秋は旅行シーズンだ。全国の観光地には大きなキャリーバッグを引いた観光客の姿が目立つ。中でも外国人観光客(インバウンド)の姿はもはや日常と言えるものになった感がある。
日本政府観光局の発表によれば、今年1月から8月までに日本を訪れた訪日外国人数は累計で2400万人を超え、対前年比58%の急増ぶりだ。これをコロナ禍前の2019年の同時期と比較しても186万人、8.4%の増加である。このままの状況が続けば、今年の訪日外国人数は年間で3400万人から3500万人と過去最高値に達するものと予想される。

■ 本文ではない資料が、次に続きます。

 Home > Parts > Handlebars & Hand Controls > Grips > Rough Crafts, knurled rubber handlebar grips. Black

日本を訪れる外国人の顔ぶれをみると、コロナ禍前は首位を独走していた中国人の数が減少し、首位は韓国人だ。1月から8月累計で中国人は459万人、2019年は同時期で658万人であったから30%ほど減少している。最近は回復の兆しが出ているとはいえ、中国人訪日客にひところの勢いはない。

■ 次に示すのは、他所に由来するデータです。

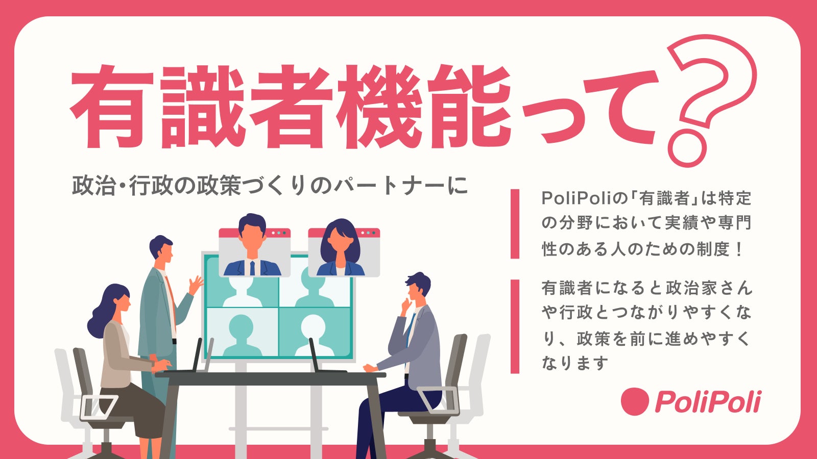 株式会社PoliPoli(所在地:神奈川県鎌倉市、代表取締役:伊藤和真、以下 PoliPoli)は、特定の分野や政策領域に専門性を持つ「有識者ユーザー」募集の強化に取り組み、さらなる推進を行うことをお知らせいたします。

観光地を歩き回るインバウンドの姿ばかりに目が行きがちだが、都内のJRや地下鉄の車両に乗っていて気づくのが、明らかに観光客ではない外国人が普通に電車内に座っている、外国人同士で日常会話をしていることだ。彼らは日本国内を旅行しているわけではなく、日本に在住しているのだ。そして話している言語の多くは中国語である。
社会的なステータスを有する在留外国人
出入国在留管理庁の調べによれば、2023年末現在の在留外国人数は341万人を数え、前年比で33万5000人、10.9%増加している。農業従事者数は116万人。日本は外国人が農業従事者の3倍も居る国だ。
彼らの居住地の多くが東京都だ。東京都の在留外国人数は23年末で66万3000人。前年比で6万7000人の増加だ。東京都全体の人口増はこの期間で7万人であるから、東京の人口増はほぼ在留外国人の増加のおかげとみることもできる。
国別の内訳をみると中国が82万1838人と全体の24%を占める一大勢力だ。以下、ベトナム56万5000人、韓国41万人、フィリピン32万2000人、ブラジル21万1000人と続く。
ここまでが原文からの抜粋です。